The government can be seen to be taking action without actually alienating too many people. Long term, the issue will be whether it actually makes much difference – either on prices or binge-drinking.

Below-cost sales ban, version twoThe deal: As for version one, but with an element of production costs included in the calculation. It’s even possible that versions three, four or five could emerge from the government’s consultation on licensing, in which the below-cost ban is an element.

Obstacles: The big stumbling block is defining the cost of production and associated red tape. As one supplier told OLN: “The cost of making malt whisky is very different to making pear cider.” HM Revenue & Customs would assume responsibility for policing it, which could mean an audit of the production costs of every SKU of alcohol in the land.

Implications for retailers: Compared with version one, it would carry a significant extra burden. Including the production costs – or a proportion of them – would also set retail prices at a higher level. As such, it could prove to be a more effective measure in discouraging excessive consumption, but could hit sales through the till.
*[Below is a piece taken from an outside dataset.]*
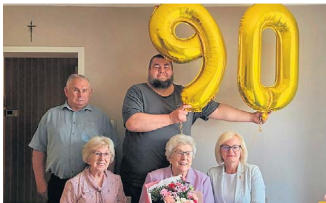
Jubilatka od urodzenia mieszka w Wielichowie

Who’s for it: Despite its relatively fiddly nature, it’s not without its supporters. Molson Coors’ boss Mark Hunter has backed a definition of below-cost as including a “minimal cost of production”. The Federation of Wholesale Distributors and the BBPA are both for some production costs being included, but not the full invoice amount paid by the retailer.

Chances of it happening: As proposals go, it’s not flavour of the month, but then again neither was version one – comprising duty and VAT – until Tesco came out in support of it earlier this year and set in motion a below-cost ban bandwagon.

Increase/restructure dutyThe deal: The government is already consulting over a review of alcohol taxation. Having had the chance in its snap Budget to raise taxes per se, that seems unlikely to be on its agenda.

What does seem more likely is a realignment of the duty regime to bring greater parity between different drinks categories. Cider has the most to lose, and spirits the most to gain. Brewers have been lobbying hard for lower taxes on beer on the grounds it is a lighter-abv product than wine or spirits. One pre-election Tory pledge was to whack extra tax on superstrength beer and cider, which the coalition has resisted doing thus far but probably won’t do for long.

Impact on prices: Unlike minimum retail pricing, there’s always the possibility that any duty increases on certain products wouldn’t be passed on in full to consumers.

Retailers have, on occasion, twisted suppliers’ arms to absorb duty hikes in the past, to avoid breaking price points, and if they were to employ such tactics again it would be suppliers rather than consumers who could lose most. And if retail prices don’t budge by as much as the government intended the impact on excessive consumption could be minimal.

Who’s for it: Diageo put its cards on the table two weeks ago with its plans to press the emergency stop button on the existing duty escalator for spirits, to allow other categories to catch up. Over time, it suggests this should move towards a system where every drinks category is taxed according to alcoholic strength, not alcohol category. The SWA says it could raise an extra £1 billion in revenue for the Treasury.

Who’s against it: The WSTA, which argues that there are “no problem drinks, only problem drinkers”, and that it would be ineffective to clobber drinks with tax just because they are perceived to be associated with problem drinking.

Chances of it happening: Having under-taken a review it’s highly unlikely the government will do nothing and a restructuring of the whole alcohol tax regime seems much more likely than just applying more tax across the board.